繁体   English   中英

如何根据第一列合并两个 csv 文件(无标题,无 PANDAS)

[英]How to merge two csv files based on first column (NO HEADERS, NO PANDAS)

我有两个 csv 文件需要根据第一列(即第 0 列)进行合并。 我不能给他们标题,我不能使用 pandas。这是两个文件

学生专业List.csv

305671,Jones,Bob,Electrical Engineering,
987621,Wong,Chen,Computer Science,
323232,Rubio,Marco,Computer Information Systems,
564321,Awful,Student,Computer Science,Y
769889,Boy,Sili,Computer Information Systems,Y
156421,McGill,Tom,Electrical Engineering,
999999,Genius,Real,Physics,

GPAList.csv

156421,3.4
305671,3.1
323232,3.8
564321,2.2
769889,3.9
987621,3.85
999999,4

我希望生成的 csv 文件看起来像这样

FullRoster.csv

305671,Jones,Bob,Electrical Engineering,3.1
987621,Wong,Chen,Computer Science,3.85
323232,Rubio,Marco,Computer Information Systems,3.8
564321,Awful,Student,Computer Science,Y,2.2
769889,Boy,Sili,Computer Information Systems,Y,3.9
156421,McGill,Tom,Electrical Engineering,3.4
999999,Genius,Real,Physics,4

我可以使用什么代码来实现这一目标。 请记住 pandas 是不允许的,我不能给文件头来让事情变得更容易。 我必须完全按原样使用它们。 谢谢!

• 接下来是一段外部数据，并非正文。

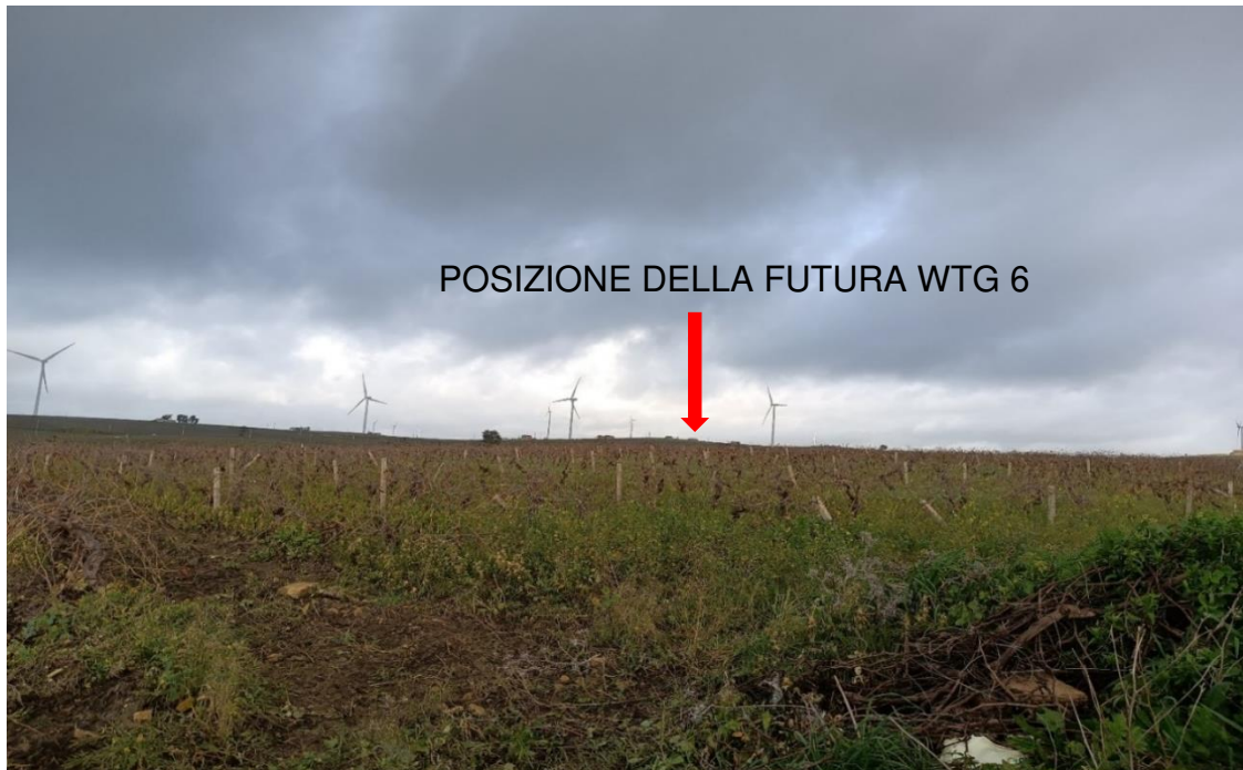
Figura 8 - Stato di fatto della futura piazzola per la turbina WTG 6
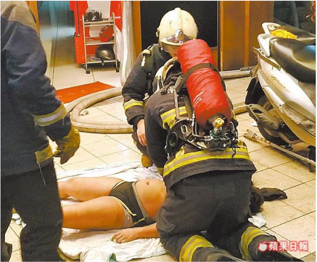
跪地 CPR 警消救出的受困者生命跡象微弱，在現場做 CPR 搶救。
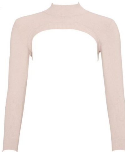
S-L CHF 99.90
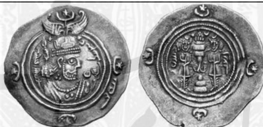
ضرب بیشاپور، سال ۱۲ سلطنت خسرو (۶۰۱ م)

رو: نیمرخ راست شاه، در برابر چهرهٔ شاه به خط پهلوی /Husraw/ hwslwb/ «خسرو»، در پشت سر شاه به خط پهلوی /xwarrah abzūd/ GDE 'pzw't' «فره افزود»، در حاشیه به خط پهلوی /abd/ pd' «أفد (= شگفت، عالی)» پشت: آتشدان و دو نگهبان در دو سوی آن، در سمت راست به خط پهلوی BYŠ «بیشاپور»، در سمت چپ به خط پهلوی /dwāzdah/ dw'cdh/ «دوازده»

编辑:我道歉我没有包括我的代码。 我不经常使用这个引用,并且在发布之前我没有熟悉规则。 抱歉,这是我目前所拥有的:但是这段代码不起作用:

with open('StudentsMajorsList.csv','r') as f2:
    reader = csv.reader(f2)
    dict2 = {row[0]: row[1:] for row in reader}

with open('GPAList.csv','r') as f1:
    reader = csv.reader(f1)
    dict1 = OrderedDict((row[0], row[1:]) for row in reader)

result = OrderedDict()
for d in (dict1, dict2):
    for key, value in dict.items():
        result.setdefault(key, []).extend(value)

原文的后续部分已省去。